CausalBench ICLR-23 Challenge Starter Repository

The starter repository for submissions to the CausalBench challenge for gene-gene graph inference from genetic perturbation experiments.

CausalBench is a comprehensive benchmark suite for evaluating network inference methods on perturbational single-cell gene expression data. CausalBench introduces several biologically meaningful performance metrics and operates on two large, curated and openly available benchmark data sets for evaluating methods on the inference of gene regulatory networks from single-cell data generated under perturbations.

Install

pip install -r requirements.txt

Use

Setup

Create a cache directory. This will hold any preprocessed and downloaded datasets for faster future invocation.
- $ mkdir /path/to/causalbench_cache
- Replace the above with your desired cache directory location.
Create an output directory. This will hold all program outputs and results.
- $ mkdir /path/to/causalbench_output
- Replace the above with your desired output directory location.
Create a plot directory. This will hold all plots and final metrics of your experiments.
- $ mkdir /path/to/plots
- Replace the above with your desired plots directory location.

How to Run the Full Benchmark Suite?

Example of command to run a model on the rpe1 dataset in the interventional regime. We recommand running this simple model first such that all the dataset files get downloaded and cached.

causalbench_run \
    --dataset_name weissmann_rpe1 \
    --output_directory /path/to/output/ \
    --data_directory /path/to/data/storage \
    --training_regime partial_interventional \
    --partial_intervention_seed 0 \
    --fraction_partial_intervention 0.5 \
    --model_name random100 \
    --subset_data 1.0 \
    --model_seed 0 \
    --do_filter

Results are written to the folder at /path/to/output/, and processed datasets will be cached at /path/to/data/storage. The above command run the model on a dataset containing both observational data (i.e., samples where no gene was perturbed), and some interventional data (one gene was perturbed in each sample). Here, given --fraction_partial_intervention 0.5, 50% of the genes are intervenened on in some samples. This subset of genes is randomly selected, using the --partial_intervention_seed. See below for the exact parameters your submission will be evaluated on.

How to Evaluate a Custom Graph Inference Function?

To run a custom graph inference function, set --model_name="custom" and --inference_function_file_path to the file path that contains your custom graph inference function (e.g. grnboost.py in this repo). You are given two starter implementations to choose from in src/, grnboost.py and dcdi.py. Your mission is to choose one of them and fine tune them to improve their performance. Hints on potential ways to improve the methods can be found directly in the code.

You should evaluate your method with the following command:

causalbench_run \
    --dataset_name weissmann_rpe1 \
    --output_directory /path/to/output/ \
    --data_directory /path/to/data/storage \
    --training_regime partial_interventional \
    --partial_intervention_seed 0 \
    --fraction_partial_intervention $FRACTION \
    --model_name custom \
    --inference_function_file_path /path/to/custom_inference_function.py \
    --subset_data 1.0 \
    --model_seed 0 \
    --do_filter

...where "path/to/custom_inference_function.py" contains code for your custom graph inference function corresponding to the AbstractInferenceModel interface. You should run your method four times, by sweeping the $FRACTION parameter in {0.25, 0.5, 0.75, 1.0}. For experimentation with limited resources or to reduce runtime, you may want to set the --subset_data parameter to a smaller value. To run the dcdi.py model, a GPU is almost a requirement. On the other hand, grnboost can be run on CPU alone.
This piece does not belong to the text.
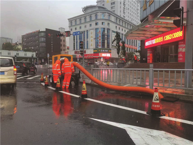 防汛人员冒雨对积水路段抽排水。环翠区市政园林服务中心供片

For this challenge, you are restricted to use one of the two functions that are given to you. Almost any modifications are allowed, even though the final algorithm should remain close in essence to the baseline method. You can also directly modify the algorithm. For example, you could write new probability distribution estimators for DCDI like here. All your code needs to be in /src, either directly in e.g. dcdi.py or as subpackages, and should run properly using the above command. See the section below expliciting more rules and information on what modification are allowed or not.

How to plot and score your custom method?

For your convinience, we include a script in /scripts, plots.py, for you to plot your custom function performance, as well as compute your final area under curve score. To run it, simply use the following command $ python scripty/plots.py /path/to/plots /path/to/causalbench_output. Two files will be saved in /path/to/plots, sweeps_partial_interventions.pdfand auc_scores.json. The pdf contains a figure plot and the json contains models scores.

Submission instructions

For submission, you will need the eval.ai-CLI tool, which can be installed with pip

EvalAI-CLI Documentation
Run $ pip install evalai

You will also need Docker, as submissions must be submitted as container images. We have provided an adequate default Dockerfile for your convenience.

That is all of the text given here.